Indole rings systems have become an important structural component in many pharmaceutical agents (Sundberg, 1996). Substituted indoles have been refered to as privileged structures since they are capable of binding to many receptors with high affinity (Evans et al., 1988). Some indole derivatives possess cytotoxic activity (Muratake et al., 1994). Indole and its bioisosters and derivatives have antimicrobial activity against Gram-negative and Gram-positive bacteria, the yeast Candida albicans and Enterobacter, Pseudomonas aeruginosa, E.coli, and Staphylococcus epidermidis (Biswal et al., 2012).
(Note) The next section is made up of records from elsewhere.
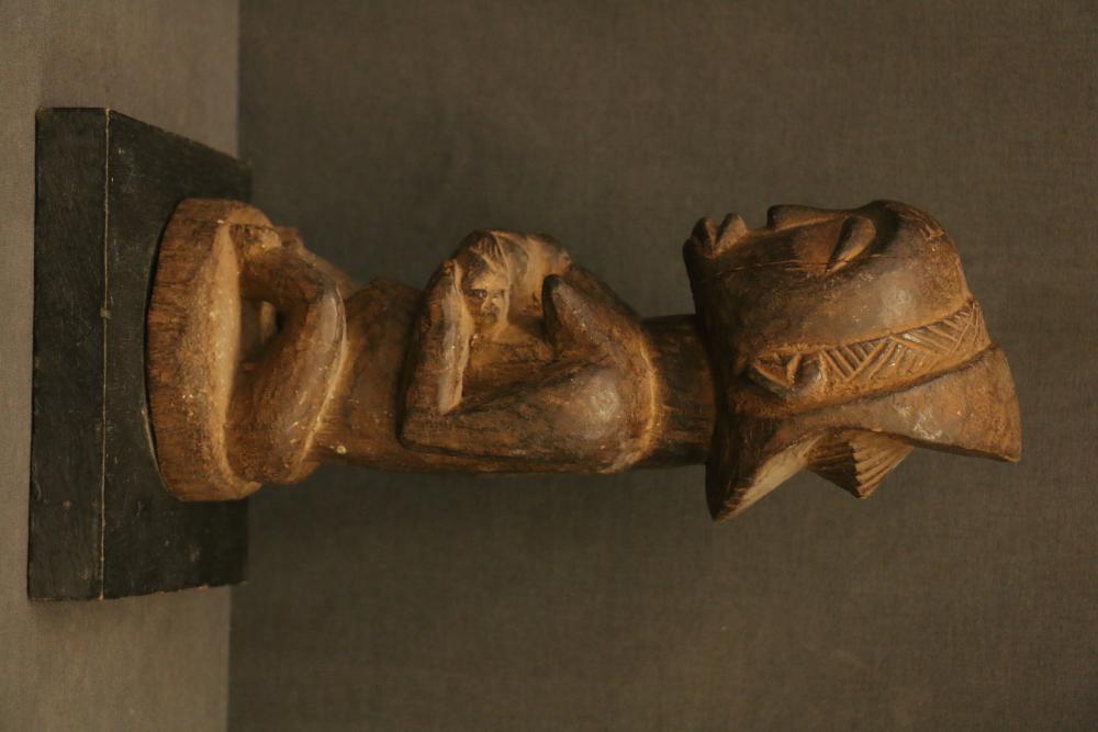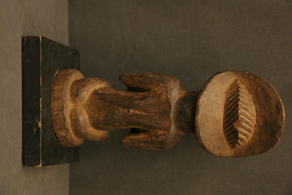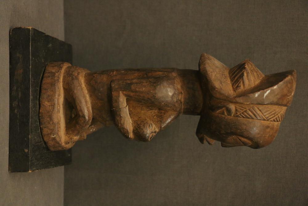 Over 170 lots of African art. Items include women's indigo wraps. Marka/Dafing people, Burkina Faso; Dan headdress, Liberia; large carved Mali-style African drum; old currency spears. Tuareg people, Mali & Niger; rod puppet head of Dankalankule, the Oryx antelope; Bandaka “jellyfish” form currency. Mambila & Chamba people; pendants, Coptic Christian people, Ethiopia; leg band. Mongo & Konda people, Congo; Koranko body mask, Guinea, Sierra Leone; abstract bogolan textile. Bamana people, Mali; ceremonial snake-form bayonet/knife. Lobi people, Burkina Faso; ceremonial blacksmith’s hammer, Northern Nigeria; wedding blanket. Tuareg people, Niger & Mali; West African heddle pulleys. (A) Senufo people, Ivory Coast; maternity figure. Lokko people, Sierra Leone; male Chi Wara head crest mask. Bamana people, Mali; rare Asafo flag bearer/dancer's skirt. Fante people, Ghana & more. Items are located in Pleasant Valley, NY.
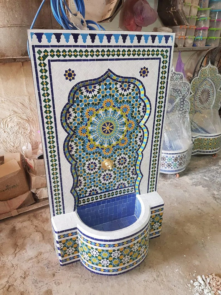Handcrafted Moroccan Fountain - Authentic Zellige Mosaic Tile
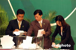 澳門特別行政區第二任行政長官選舉,二十九日在澳門舉行,二百九十九名選舉委員會委員出席選舉會,委員們投票后工作人員在認真點票。作者:梁永強
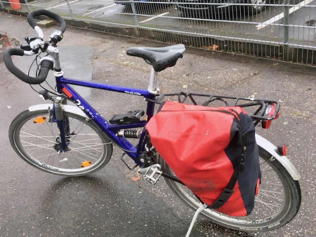 Morgens: Im REWE muss man jetzt einen Einkaufswagen durch die Gänge schieben, sonst kommt man nicht rein. Fataler Fehler! Wenn ich so ein Körbchen voll mache passt der Inhalt genau in die Fahrradtasche. Jetzt ist die komplett überladen und ich muss zurück schieben.
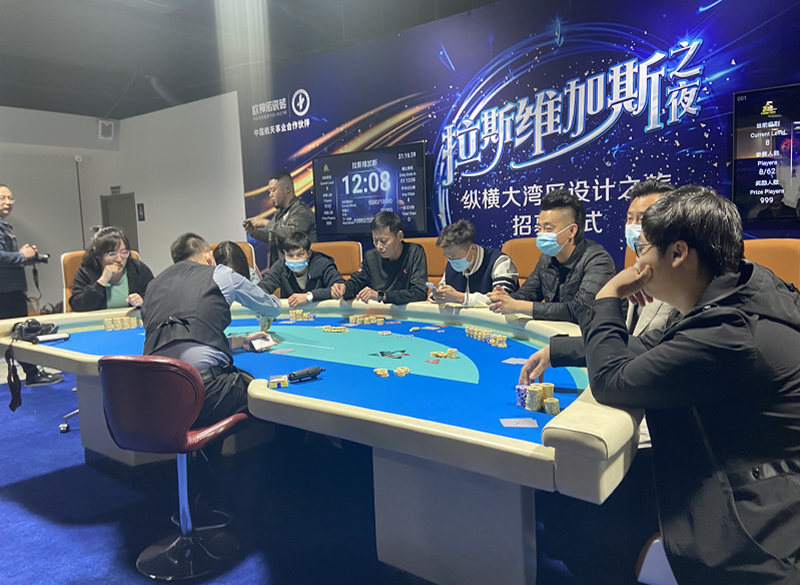 隨著荷官的發(fā)牌計(jì)時(shí)開始,拉斯維加斯之夜正式進(jìn)入到了德州撲克大賽。在經(jīng)過兩小時(shí)的激烈博弈后,最終的八位選手帶著各自的籌碼進(jìn)入到了總決賽。
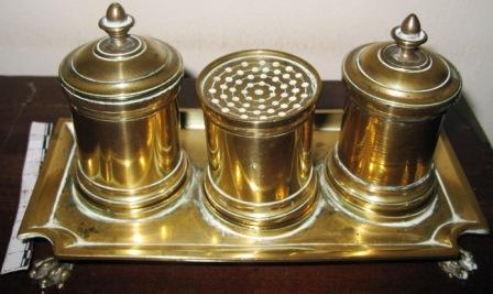 - Bandexa para escribanía de planta rectangular coas esquinas cortadas en chafrán. No plano, conta cos tres ocos para acomod do tinteiro, salvadeira e portaplumas. Vai apoiada en catro pés en forma de garra, e un pequeno orificio na parte traseira para colocar a pluma.
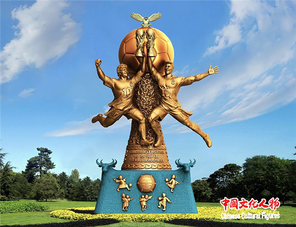 不确定的世界更需要体育与艺术,黄剑雕塑《世界球王》亮相博鳌论坛
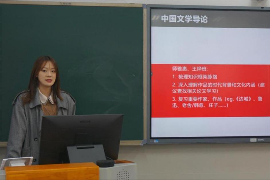 随后,2023级中文系本科生汤语晨同学分享了中国文学导论、中国近代史纲要、中华民族共同体概论三门课的备考经验,就考试题型与复习内容做了详细介绍。
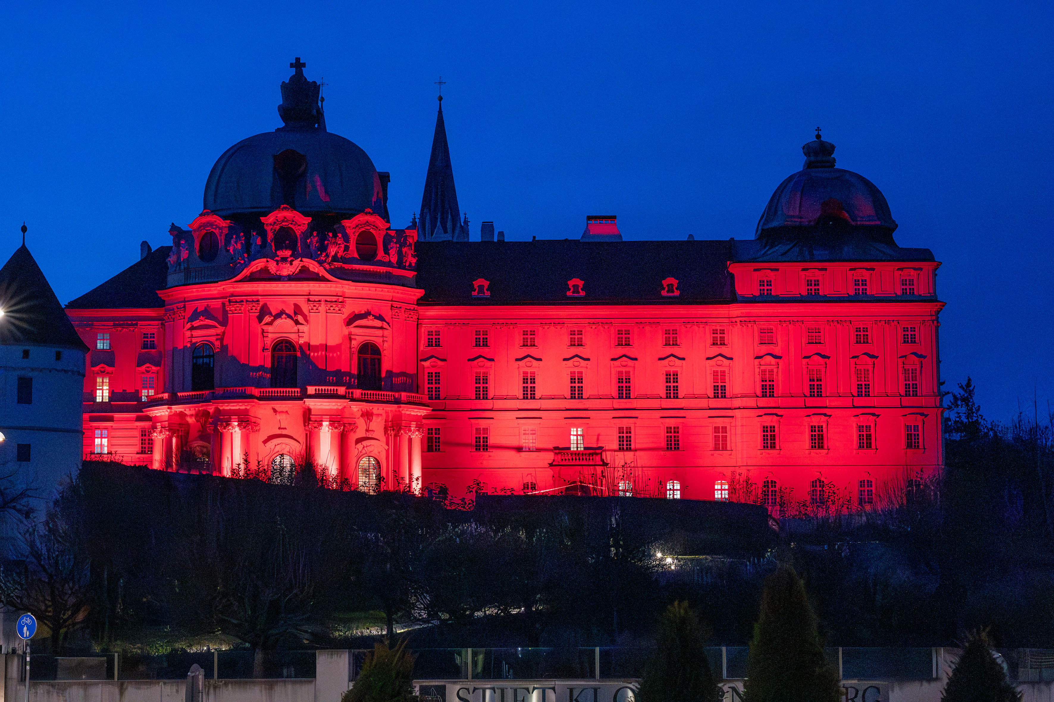 Der „Red Wednesday“ hat heuer erstmals auch das Augustiner-Chorherrenstift Klosterneuburg in strahlendes Rot getaucht. Zusammen mit bedeutenden Kirchen und öffentlichen Gebäuden in Österreich und weltweit setzte das Stift ein weithin sichtbares Zeichen gegen die Verfolgung von Christinnen und Christen sowie für das Menschenrecht auf Religionsfreiheit. Die barocke Stiftsfassade mit ihrer markanten Kuppel erstrahlte am 19. November 2025 in intensivem Rot.
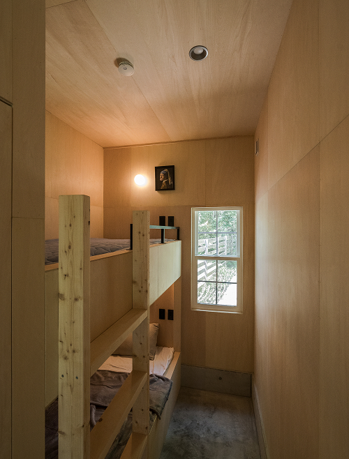 4人が眠れるベッドスペース。2段ベッドや収納と一体にして空間を有効に活用。
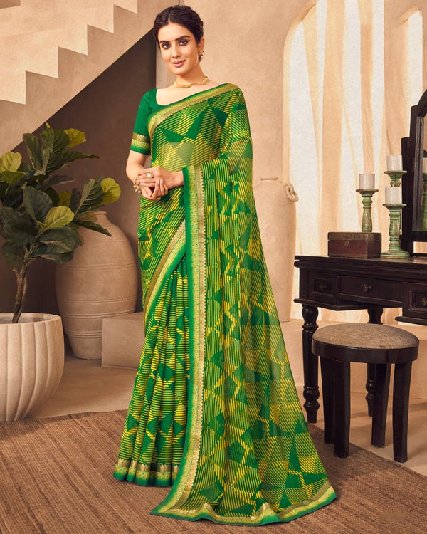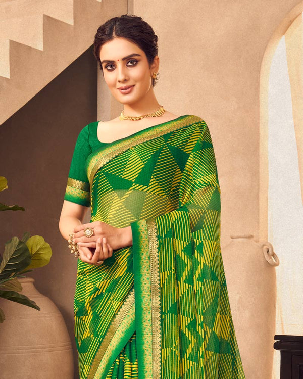 Vishal Prints Light Mehandi Green Printed Georgette Saree With Fancy Border
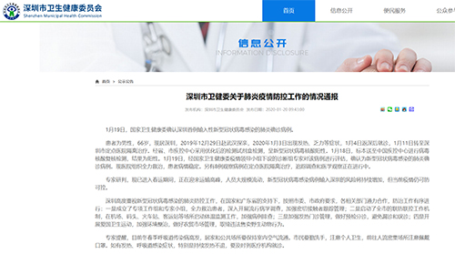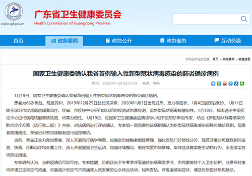 據廣東省衛生健康委員會20日凌晨于官網發布的《國家衛生健康委確認我省首例輸入性新型冠狀病毒感染的肺炎確診病例》顯示,1月19日,國家衛生健康委確認廣東省首例輸入性新型冠狀病毒感染的肺炎確診病例。
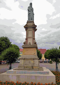 Es gedenkt nun dem Herzog von Polen Meiszko I (regierte in den Jahren 962-992) und trägt ein Standbild in Rüstung mit Schild und Schwert.
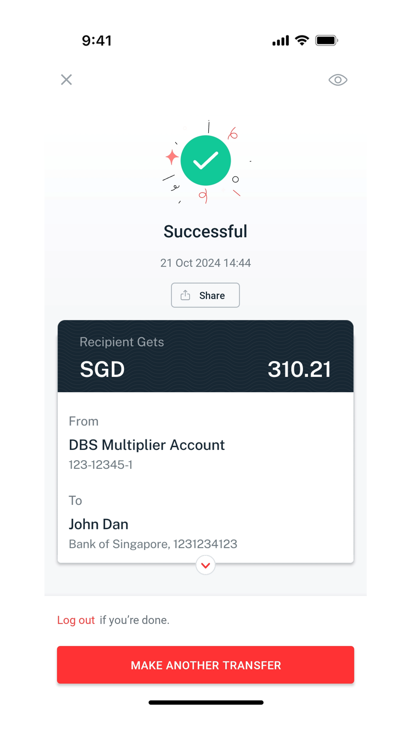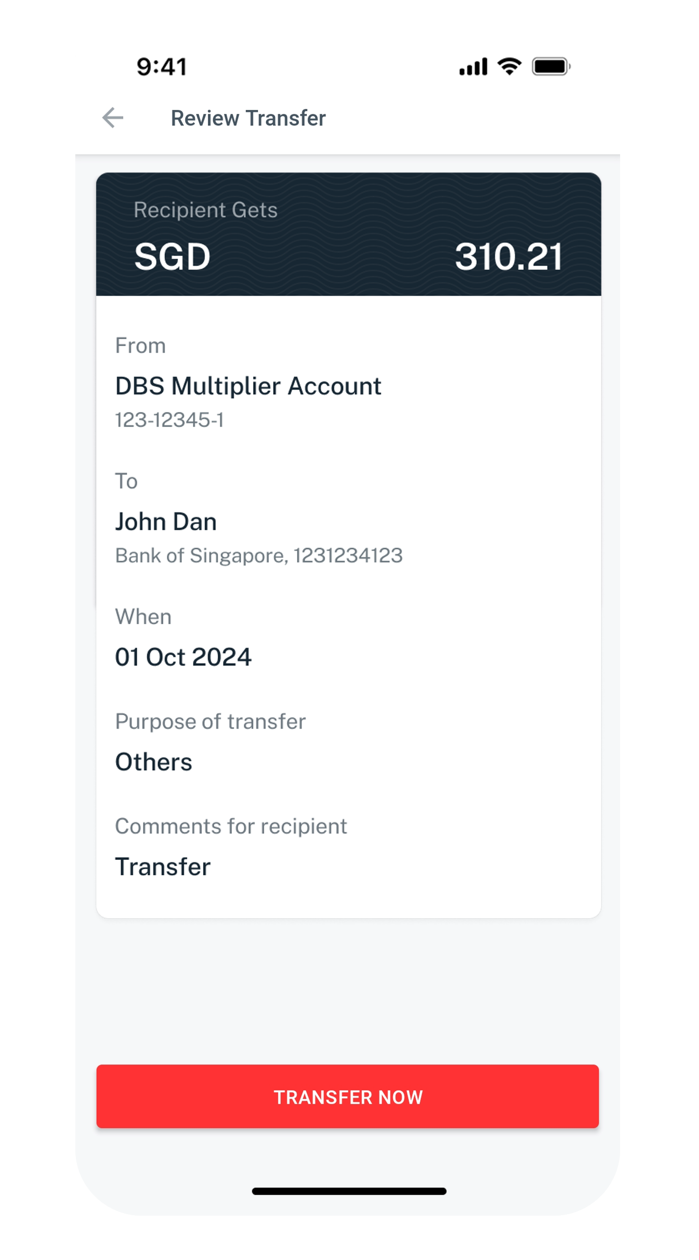 You can transfer funds in foreign currencies to other banks in Singapore, using the Overseas transfer feature on digibank. Simply follow the steps below.
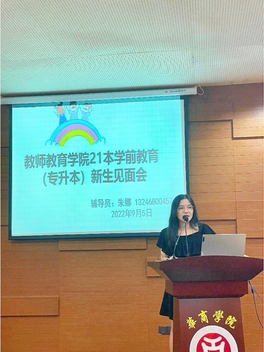 会议伊始,朱娜老师进行了自我介绍,对她的工作职责、时间及地点进行了详细的讲解,并介绍了教师教育学院2023年专升本新生情况。朱娜老师还向同学们介绍了八位助班的详细情况,并指出助班们将会帮助同学们更好的适应校园环境,营造良好的学习氛围。
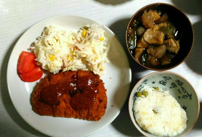 ソースが足りなかったのですが、ケチャップとウスターソースとゴマで不足分を補う。
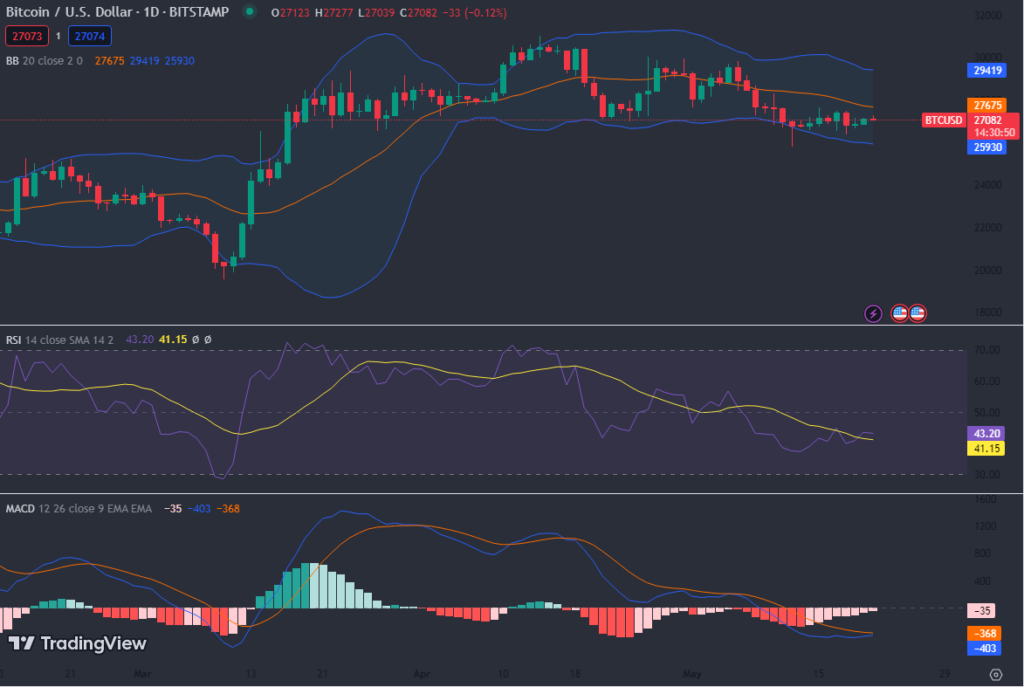 글로벌 시가총액이 거래 하루 만에 0.30%의 소폭 상승을 기록하며 1.13T까지 올라감에 따라 오늘 장이 시작됐다. 암호화폐왕 비트코인(BTC)도 거래 24시간 만에 1% 미만의 완만한 상승세를 기록하며 2만7,000달러 선을 탈환했다.
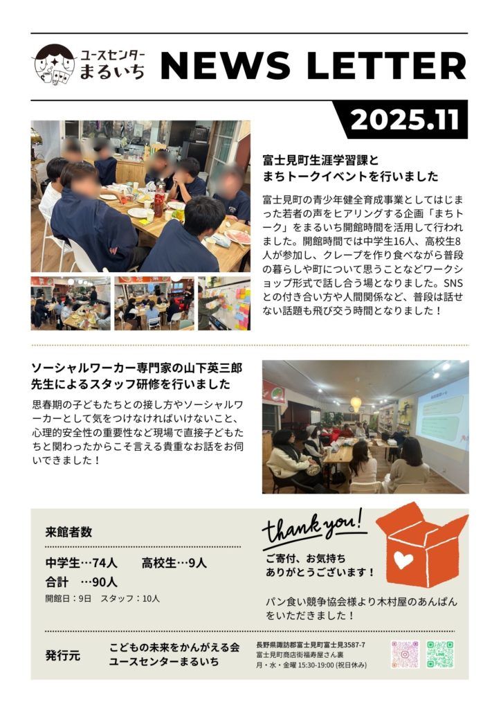 富士見駅から徒歩2分。富士見町商店街「福寿屋」奥に中高生が自由に過ごせる「ユースセンターまるいち」をオープンしています。

The structure of the title compound is shown in Figure 1. The C-N distances range from 1.345 (2) to 1.369 (2)Å, and are in good agreement with the related reported values (Vishnupriya et al., 2014). The bond distances C14-O1 and C21-N3 are 1.235 (1)Å and 1.141 (2)Å respectively, in agreement with values reported by (Vimala et al., 2015), confirming the presence of double and triple bonds. The pyridine ring (C9/N2/C10-C13) is in antiperiplanar(-ap) orientation with the indole ring (C1/N1/C2-C8)and in anti periplanar(+ap)orientation with the carbonyl bound hydroxy phenyl ring system (C15-C20) which are evidenced by the torsion angles (C7-C8-C9-C13 = -163.54 (1)°) and C10-C11-C14-C15 = 155.15 (1)°) respectively.
In the compound the intramolecular O-H···O hydrogen bond stabilizes the molecular structure while the intermolecular N-H···N hydrogen bonds between the indole NH and the cyanide nitrogen stabilize the crystal packing resulting to a two dimensional supra molecular network lying parallel to (011)plane.